Полюбить Джоконду
Шрифт:
— …а я не хотела идти, — вспоминала она. — Тогда мама взяла меня за руку, как я тебя сейчас. И мне так стало легко… А хочешь, я тебе буду сниться? Часто-часто сниться. И мы опять будем с тобой смеяться, пить чай и угонять машины. Хочешь? А ты будешь рисовать губановские туалеты. Хочешь? — Глинская болезненно улыбнулась.
— Ну, Ань, ты сначала нафантазируешь, а потом сама и плачешь…
— А не хочешь, я не приснюсь тебе, — тихо говорила она, — потому что ты просил меня об этом.
Но потом, в назначенный день, я все равно возьму тебя за руку — вот так
За дверью вновь прогрохали каблуки, и в окно я увидел, как на перрон вывели двух понурых Гришек и повели во тьму.
Мы тронулись дальше. Колеса дробно рассыпали свое: что-то будет…
— Пойдем к Лизе? — сказала Глинская.
В Лизином купе все уже было убрано, точно ничего и не случилось. Лиза одиноко сидела и ждала меня.
— Давайте хоть чаю выпьем перед Москвой, — предложила Глинская. — У меня как раз три стаканчика есть. И пакетики с чаем. Я сейчас.
Она ушла. Мы с Лизой остались одни. Как после долгой военной разлуки, мы обнялись, да так и просидели в ожидании Глинской до самой Москвы. За окном было темно, и в этой тьме плыло наше одинокое призрачное купе с двумя смертельно уставшими фронтовиками-победителями, которые не в силах поверить, что все позади, потому что в их глазах еще так явственны все тяжести недавних боев.
Глинская больше не приходила. Когда поезд прибыл в Москву и мы с Лизой вышли на перрон, я увидел ее. Она быстро шла впереди, не оглядываясь, со своей дорожной сумкой. И вскоре исчезла в толпе.
Глава 21
В Москве была настоящая зима: мело, завывал ветер.

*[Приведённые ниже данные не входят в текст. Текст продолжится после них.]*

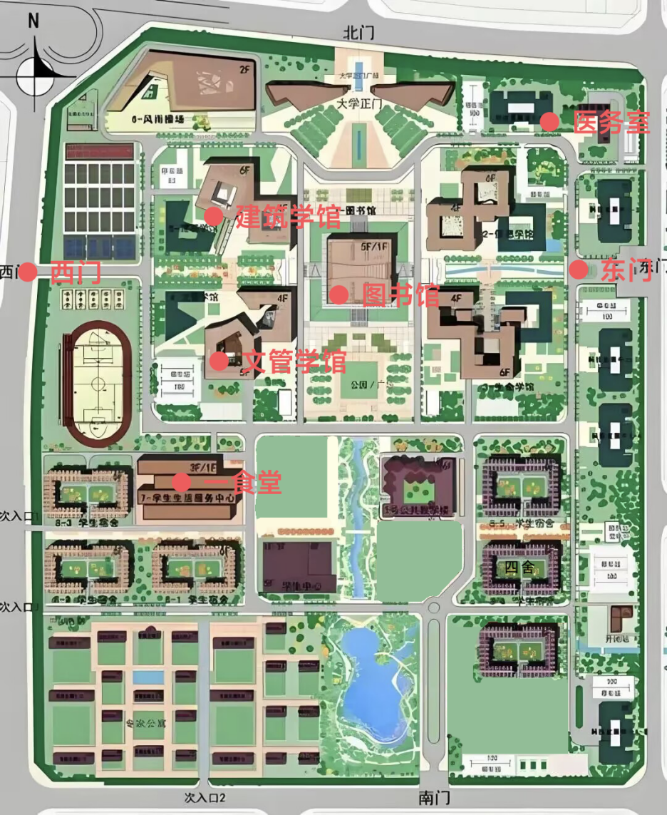 注意事项:校园内车辆限速20公里/小时,校门处车辆限速5公里/小时。
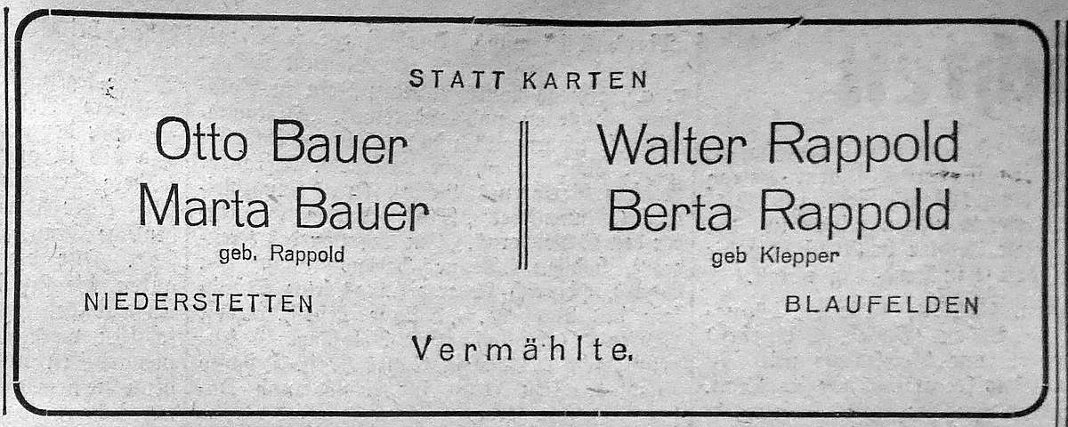 17. Oktober 1936. Heiratsanzeige Otto und Maria Bauer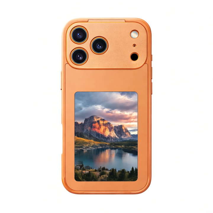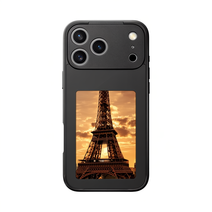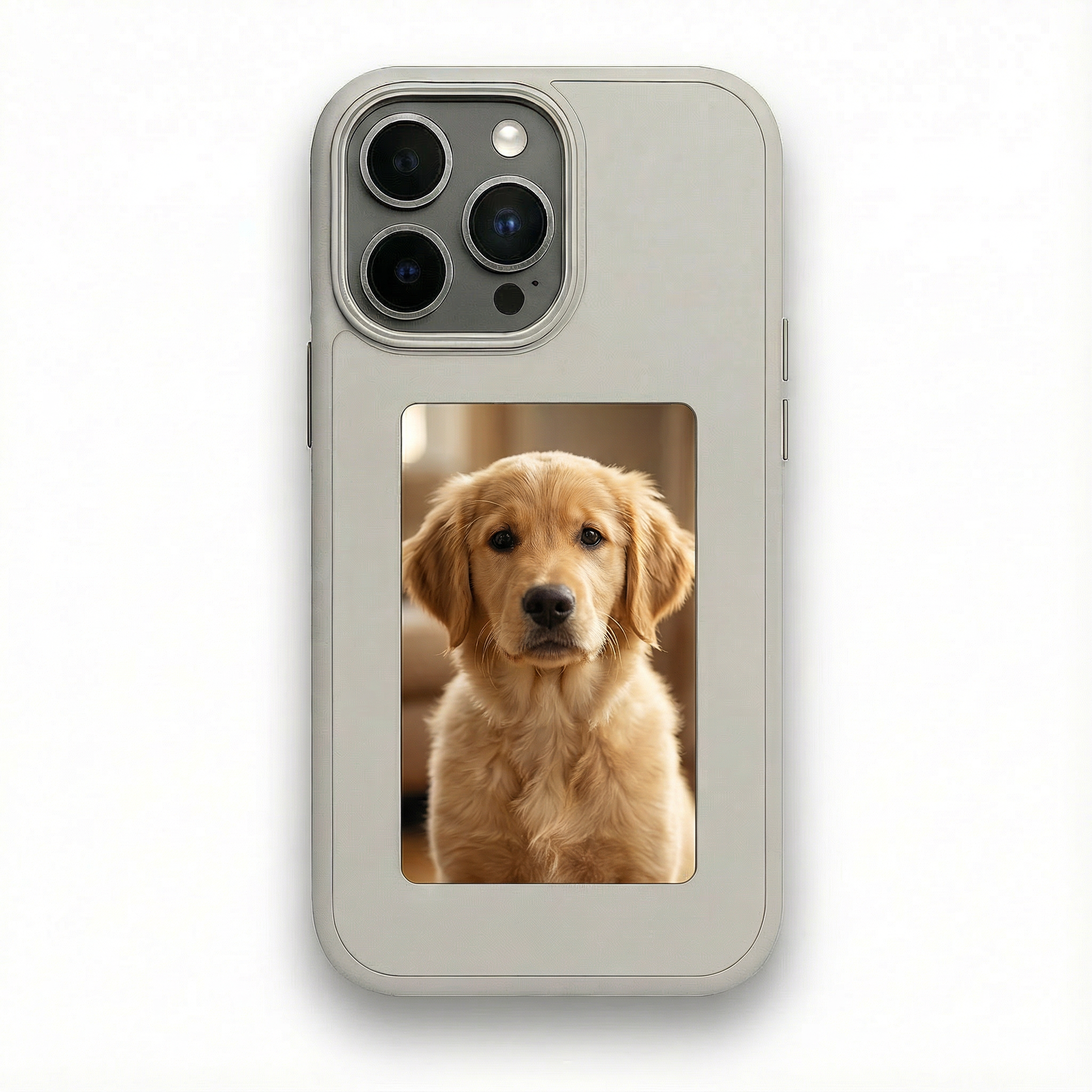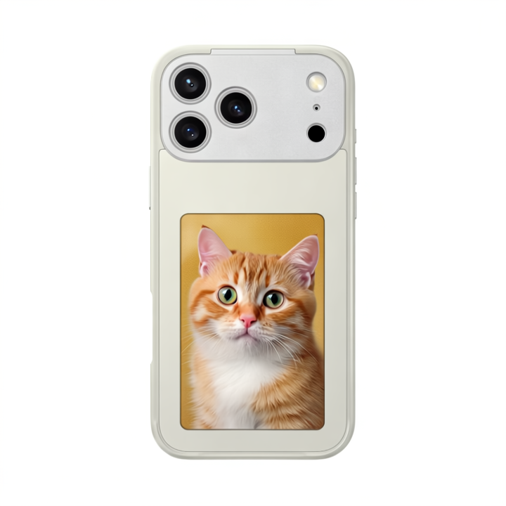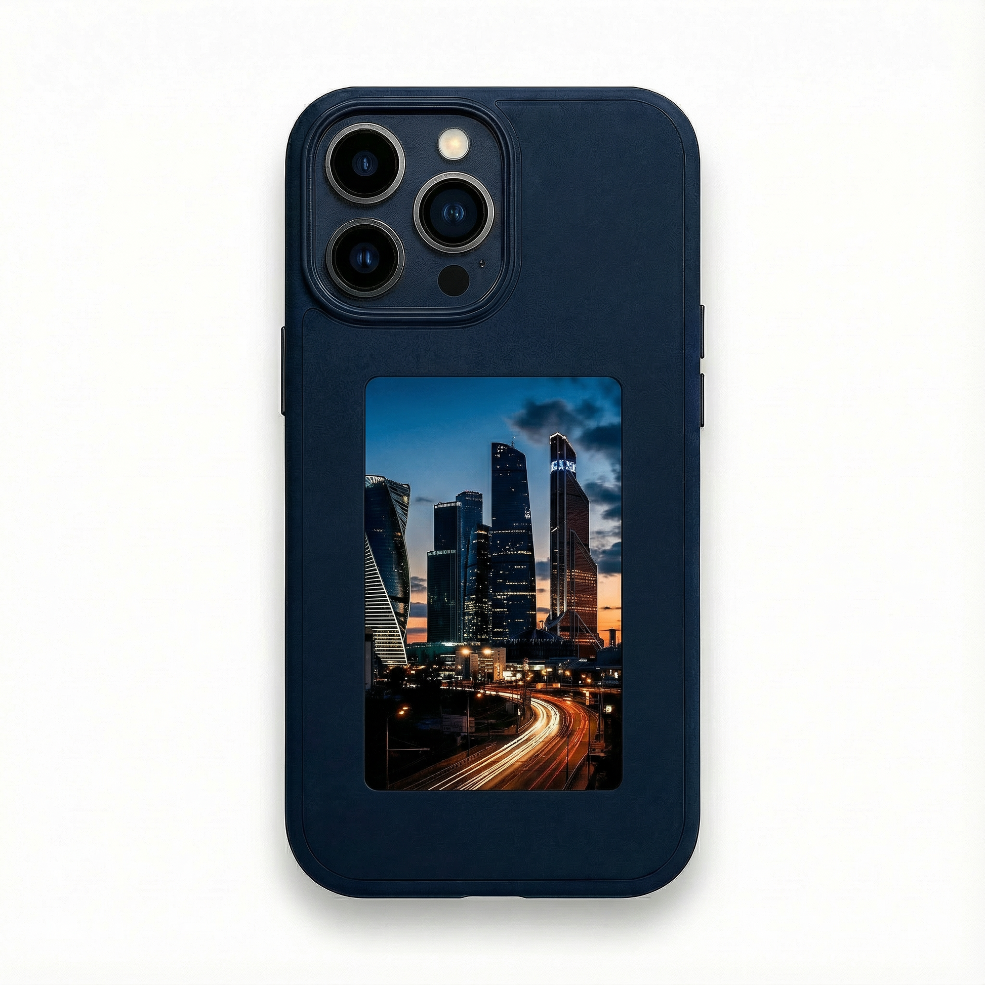 Stecke dein Smartphone in die Hülle, wähle dein Lieblingsmotiv und übertrage es stromlos per NFC auf das E-Ink-Display.

Из окна такси я разглядывала непроснувшиеся московские улицы: мрачные привокзальные кварталы сменились парадными фасадами Садового, промелькнуло Замоскворечье, площадь заставы, купола монастыря.
— Здесь работает Гришка?
— Он живет тут неподалеку. А работает в центре, на Сретенке.
Машина мчалась по Варшавке. Раньше мы часто проезжали здесь, но никогда не ездили так быстро — вечно стояли в пробках. Говорили, смеялись, а в окна стучался дождь. Я посмотрела на Сашу: о чем-то он думает сейчас? О том, что произошло в поезде? О гордо проплывшей мимо нас Глинской? Но он казался таким утомленным, что, наверное, не думал ни о чем. Человеческий организм — совершенная система. В какой-то момент сознание переключается, иначе — перегрузка, сбой. Я тоже не хотела ни о чем вспоминать. Я училась жить настоящим, писала свою жизнь набело.

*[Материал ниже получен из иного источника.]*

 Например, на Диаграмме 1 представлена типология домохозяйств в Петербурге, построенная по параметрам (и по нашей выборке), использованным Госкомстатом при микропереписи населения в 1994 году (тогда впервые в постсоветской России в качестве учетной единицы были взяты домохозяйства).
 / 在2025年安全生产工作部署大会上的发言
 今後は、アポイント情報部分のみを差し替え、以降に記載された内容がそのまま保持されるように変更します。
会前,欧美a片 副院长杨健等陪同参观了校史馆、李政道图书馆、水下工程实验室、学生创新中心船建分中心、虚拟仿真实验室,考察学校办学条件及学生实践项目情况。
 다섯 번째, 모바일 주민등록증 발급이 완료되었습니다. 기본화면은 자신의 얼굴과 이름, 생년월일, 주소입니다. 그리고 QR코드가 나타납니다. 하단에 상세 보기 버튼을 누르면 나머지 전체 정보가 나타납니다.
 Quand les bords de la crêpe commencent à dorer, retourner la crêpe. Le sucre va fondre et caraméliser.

Как долго я тосковала по реальной жизни, по своему дому, по круглой комнате с белыми шторами! И вот, наконец, вернулась сюда. Уже не гостьей, но еще не хозяйкой. Хотя на дне моего нового ридикюля лежали врученные Сашей ключи. Это его дом, и он хочет, чтоб я жила здесь. И значит, этот дом должен стать моим. Но все, оказывается, не просто.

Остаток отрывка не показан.